- Problem to work on: Repeat exactly the lines below, from the line containing "Motivado pela cultura" through the last line, both included. Leave out any pictures.

[Stored data entries]

Start of Block

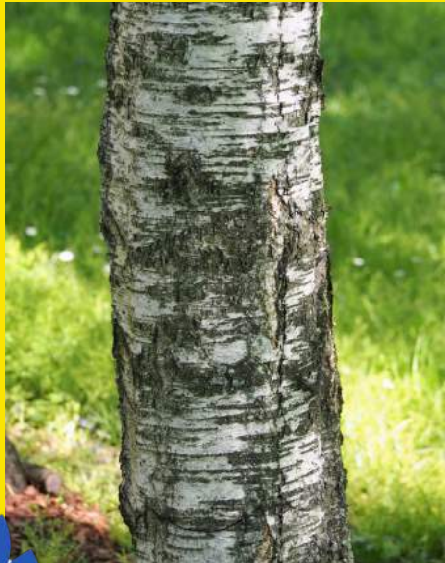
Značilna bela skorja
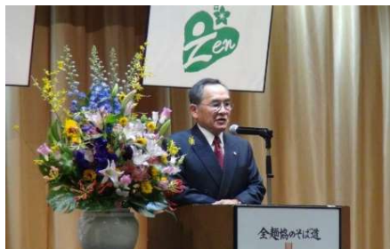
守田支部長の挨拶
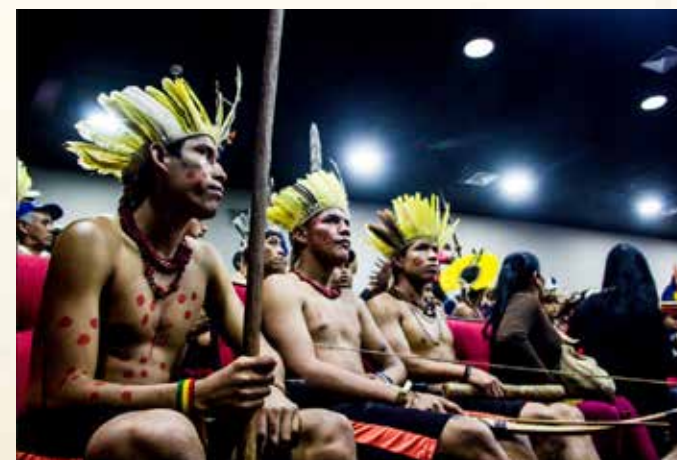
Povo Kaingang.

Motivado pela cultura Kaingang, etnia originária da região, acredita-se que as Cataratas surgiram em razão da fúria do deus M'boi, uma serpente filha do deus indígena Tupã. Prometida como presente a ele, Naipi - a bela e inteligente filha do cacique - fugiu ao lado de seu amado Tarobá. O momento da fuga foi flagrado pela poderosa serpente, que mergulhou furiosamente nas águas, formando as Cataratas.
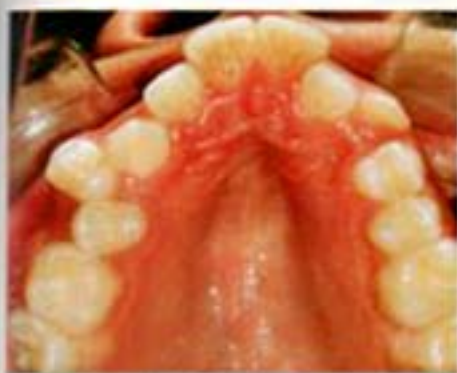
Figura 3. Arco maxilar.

End of Block

- Reply:
Motivado pela cultura Kaingang, etnia originária da região, acredita-se que as Cataratas surgiram em razão da fúria do deus M'boi, uma serpente filha do deus indígena Tupã. Prometida como presente a ele, Naipi - a bela e inteligente filha do cacique - fugiu ao lado de seu amado Tarobá. O momento da fuga foi flagrado pela poderosa serpente, que mergulhou furiosamente nas águas, formando as Cataratas.
Figura 3. Arco maxilar.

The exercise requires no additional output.